Of course, most of these criticisms could also apply to many – perhaps most – traditional American rock bands. But the difference between Buffalo Killers and bands like The Black Keys or My Morning Jacket is that Buffalo Killers don’t seem particularly interested in even attempting to reassemble these influences in a way that they could call their own. That alone isn’t enough cause to dismiss them, but it makes the standard by which they are measured far higher than it is for bands that take a few more creative risks. Five albums in, Buffalo Killers are dogged by the same question that has hung over them since their first release: what exactly defines this band?
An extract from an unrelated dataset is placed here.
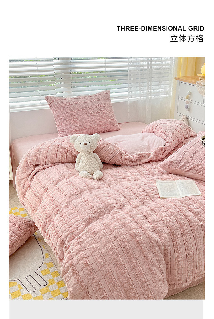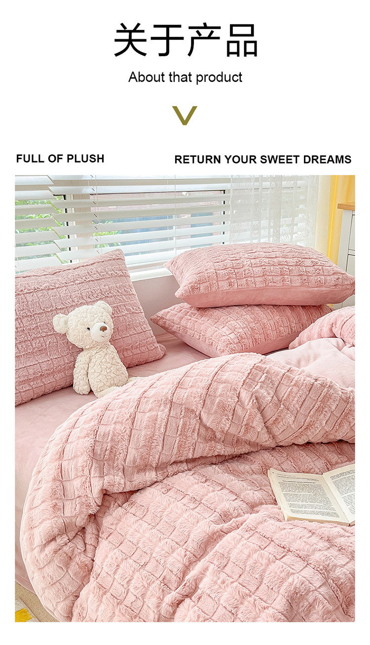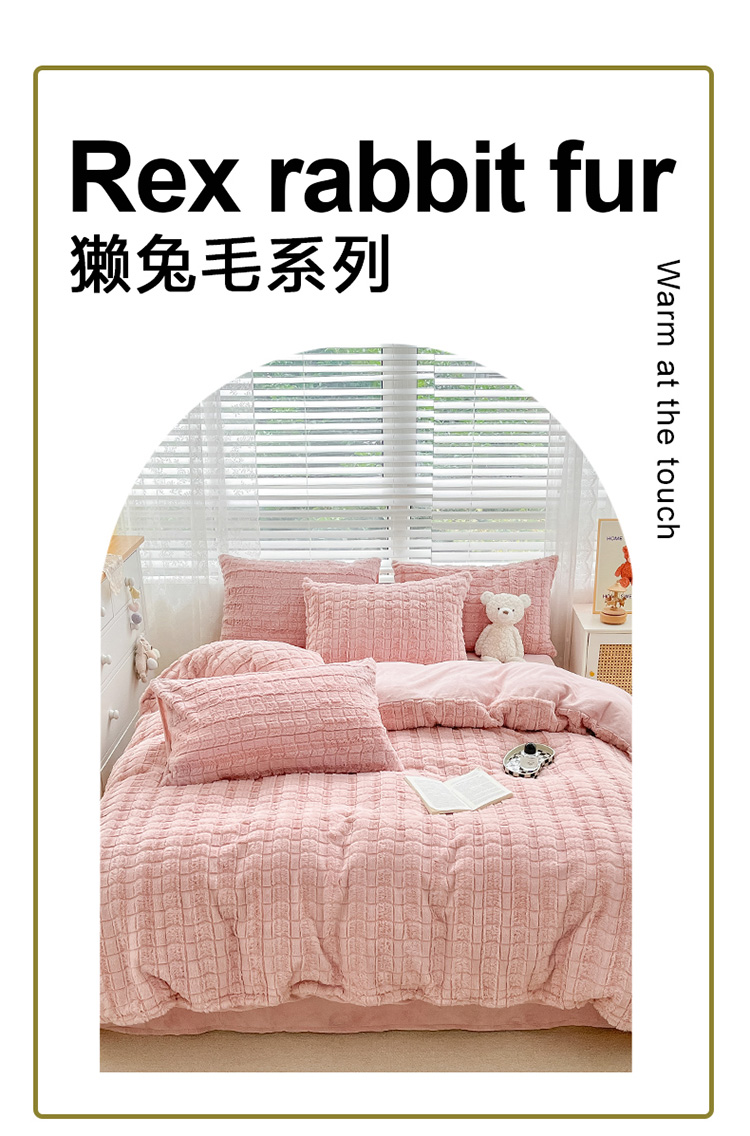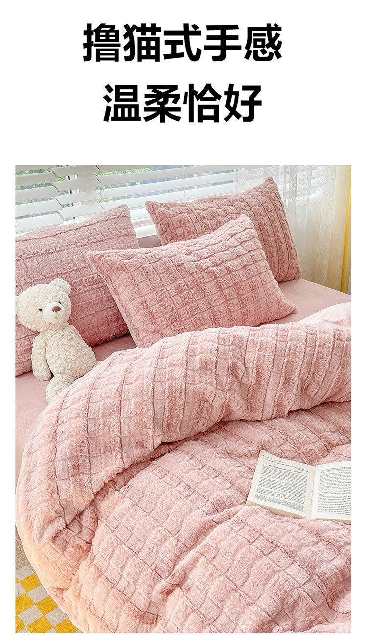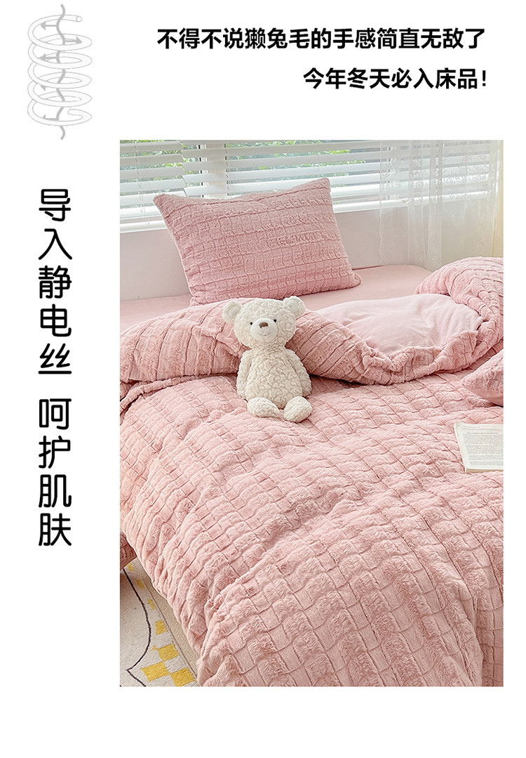 商品名称:静家居 2024獭兔毛冬款四件套 粉色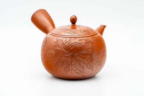 Japanese Kyusu - 北龍 Hokuryu - Camellia Floral Engraved Tokoname-yaki Debeso Teapot - 450ml

Ultimately, the greatest compliment you can pay these songs might also be the most damning. Every sound on Heavy Reverie is instantly familiar, like picking up the phone to hear the voice of an old friend on the other end. But just like some old friends only want to relive the past and tell the same stories over and over, Buffalo Killers aren’t offering you anything you haven’t heard countless times before. Whether or not you want to pick up the phone to have that conversation again will be determined by how much you value novelty.